Our consideration is based purely on the dose of aerosols exhaled, not on the type of virus or the number of virus particles. Therefore, mutations do not play a role in the comparative assessment of indoor environments. Although the situational R-values change, they change to the same extent in the rooms considered.
In your comparison, the situational R-value almost doubles in high schools when the people in the rooms don't wear a mask. So should a mask be worn in class?
Wearing a mask reduces the risk of infection even more. On average, we assume an overall effect of about 50 percent. This is the result of a study we did with lay people, i.e., non-medics. They were asked to put on their masks in the same way as they do in everyday life to the best of their knowledge. And we came to the conclusion that the dose of aerosol particles is reduced by about half when the mask is worn.
Does this apply to all types, both self-sewn masks and FFP2 masks?
FFP2 masks are better in terms of protection. A higher effect can be expected. However, I think - without having evaluated this statistically - in everyday life the masks are often not worn properly, because it is much harder to breathe with FFP2 masks. As soon as the mask is loosened, more air naturally flows out and more aerosol particles float around. The stated protection of 95 per cent, which is supposedly always provided by FFP2 masks, is probably never really achieved. 70 per cent would be more realistic.
Again, about schools.

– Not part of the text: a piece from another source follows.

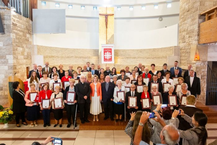 A budapesti Magyar Szentek Temploma szolgált helyszínéül az október 7-én ünnepi szentmisével egybekötött, és immár 12. alkalommal kiosztásra kerülő Caritas Hungarica-díj átadójának. Az esemény főszereplői a Katolikus Karitász legodaadóbb önkéntesei voltak, akiket Herczegh Anita, a Karitász jószolgálati nagykövetének köszöntője után Écsy Gábor karitász igazgató méltatott, és akik Spányi Antaltól, a Katolikus Karitász püspök elnökétől vehettek át díszoklevelet. A Győri Egyházmegyéből idén Csapóné Obendorfer Erika, Kránitz Péter és Tóth János kapta az elismerést.

Could special air filters minimise the risk in classrooms?
Let me put it this way: the air filters that are recommended are roughly equivalent in effect to the ventilation rules of the UBA. But that refers to relatively powerful devices for cleaning the air. My guess is that there is less ventilation when such devices are in use. And then the situational R-value would not be minimised - the air volume would remain the same. A positive effect would only occur if one did both: switch on the air filter and still open the windows regularly in accordance with the UBA recommendations. But even then, the dose would still be too high at the end of the school day.